Update - someone unleashed a 'cleanup script' yesterday via puppet to multiple hosts and greedily deleted files that had not been modified in 15 days. This is the most likely culprit so mystery basically solved. Thankfully this is in QA, whew! It would be interesting to still know if there are ways of having postgres check and verify that files it expects to find are there, and to get an idea on the extent of the damage.
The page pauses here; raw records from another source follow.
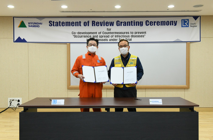 현대삼호중공업은 10일 오후 회사 본관에서 양회수 최고안전책임자와 LR선급의 황선일 동아시아지역 HSE매니저와 안정근 목포 지부장 등 관계자 20여 명이 참석한 가운데 ‘시운전 선박의 감염병 대응 방안에 대한 LR선급 인증 기념식’을 개최했다고 밝혔다.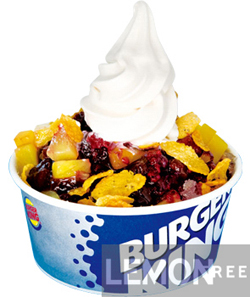 토핑 스트로베리, 라즈베리, 블루베리, 팥빙수용 팥, 프루츠 칵테일, 빙수용 떡, 젤리, 시리얼, 아이스크림. 3가지의 베리가 믹스되어 전체적으로 새콤달콤하고 이국적인 맛. 일반적으로 패스트푸드점에서 접하기 어려운 이색 메뉴이므로 한 가지 맛에 싫증을 느꼈다면 먹어볼 만하다. 아이스크림이 달지 않아 베리믹스와 궁합이 잘 맞는 듯.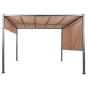 Spend time with your family and friends outside even during hot summer days, and provide yourself with an awning over your garden lounging or dining set. The robust pergola is made of durable, powder-coated steel that guarantees stable construction and a UV-resistant sliding canopy that can be moved from one side to another. What is more, if you will switch on the solar panel and wait until dusk comes, the LED lights will automatically illuminate the space. Details: Color: Brown, Black. Main material: Steel. Material Composition: 100% Polyester Weight: 42 Assembly: Full Assembly Required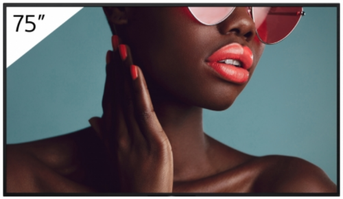 Sony FW-75BZ40L. Diseño de producto: Pantalla plana para señalización digital. Diagonal de la pantalla: 190,5 cm (75"), Tecnología de visualización: LCD, Resolución de la pantalla: 3840 x 2160 Pixeles, Brillo de pantalla: 700 cd / m², Tipo HD: 4K Ultra HD. Wifi. Horas de funcionamiento (horas/días): 24/7. Sistema operativo instalado: Android. Color del producto: Negro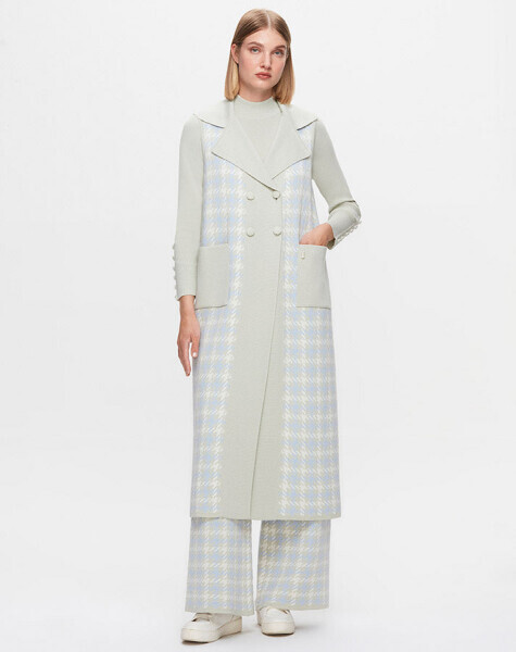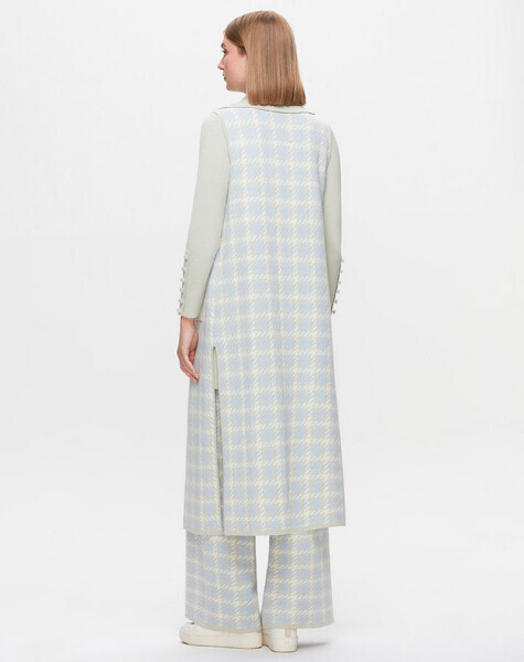 T25K-1003 Kazayağı Desenli Uzun Triko Yelek FONIA-RIVER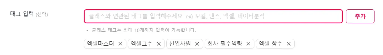 클래스 제목에 포함되어 있지 않은 검색 키워드를 최대 10개 추가할 수 있어요.
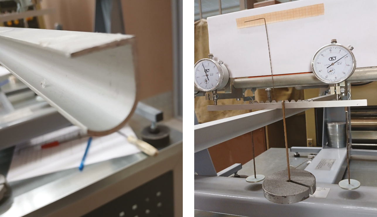 Проведены лабораторные исследования по определению центра кручения для балки с незамкнутым тонкостенным профилем прямолинейно-криволинейного очертания.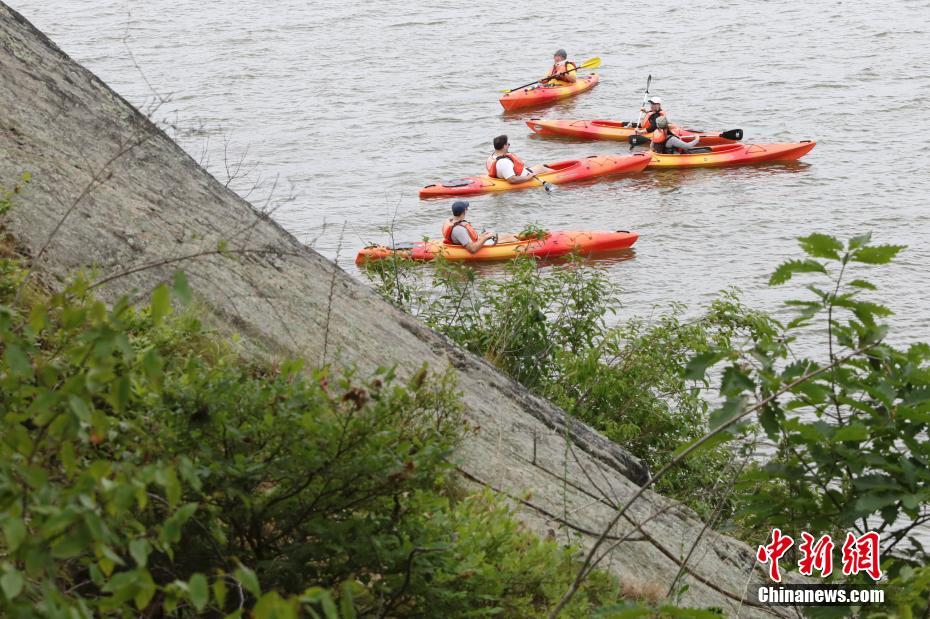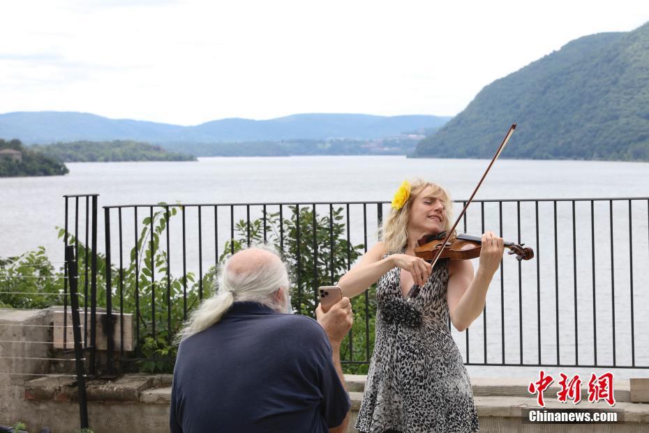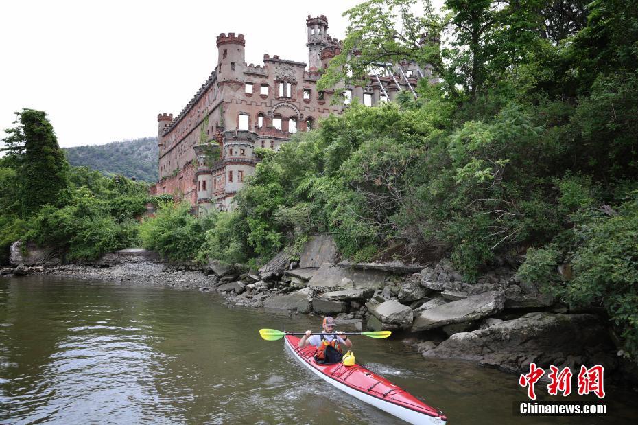 当地时间7月16日,美国纽约州哈德逊河波拉佩岛,民众参观班纳曼城堡。随着纽约州分阶段开放,全州景点近期陆续向公众开放,并采取人流量限制等措施。中新社记者 廖攀 摄
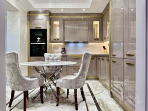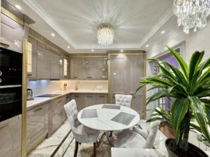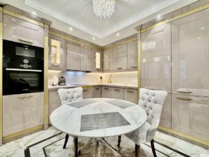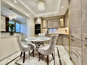Квартира наполнена дорогой техникой и кухонным гарнитуром. Все абсолютно новое без признаков жизни. Много натуральных материалов и камня.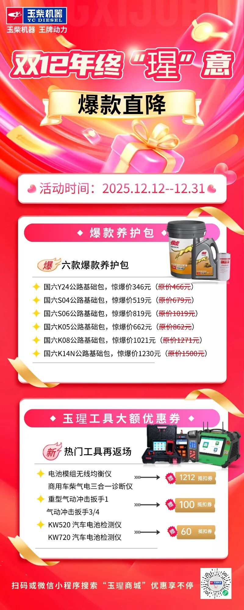这个双十二,玉瑆商城不玩套路,只放真价!国六养护包、专业诊断工具、气动扳手、电池检测仪……全线爆款,直降到底,陪你暖心跨年!
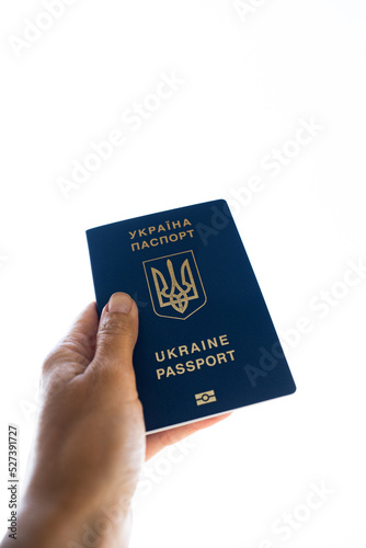 Passport on the white background. Emigration, immigration, refugee, evacuation of civilians, families from Ukraine crossing border. Stop war, support, care concept. Hand. Space for your text.

On Fri, Oct 4, 2013 at 12:10 PM, Mike Broers <mbroers@xxxxxxxxx> wrote:
Strange, this is happening in a totally different environment now too. The only thing these two environments share is a SAN, but I wouldnt think something going on at the SAN level would make files disappear. Any suggestions are greatly appreciated.On Fri, Oct 4, 2013 at 9:40 AM, Mike Broers <mbroers@xxxxxxxxx> wrote:Hello, our postgresql 9.2.4 qa database (thankfully its just qa) seems to be hosed.Starting at around 3:39am last night I started seeing errors about missing files and now I cannot run a pgdump or a vacuum without it complaining about files that it cannot find with errors like this: ERROR: could not open file "base/125542/12631". When I check the filesystem the files are indeed not there. The 1am regular vacuum completed and its log is clean. The postgres log is clean before these errors occurred.Since this is qa we do not perform backups, and the solution if we cannot repair the problem will be to create a fresh qa server but I am intrigued about how to determine the source of the problem and the extent of the problem.Is there a way to force vacuum to continue on errors or an alternate way to help determine all the missing files?It might be totally unrelated, but yesterday morning on this qa server I stopped postgres, and created a symlink to pg_xlog so that it was writing to a different volume, and restarted. This was working fine all day so its possibly a red herring but I thought I should mention it.Any advice is appreciated, thanks!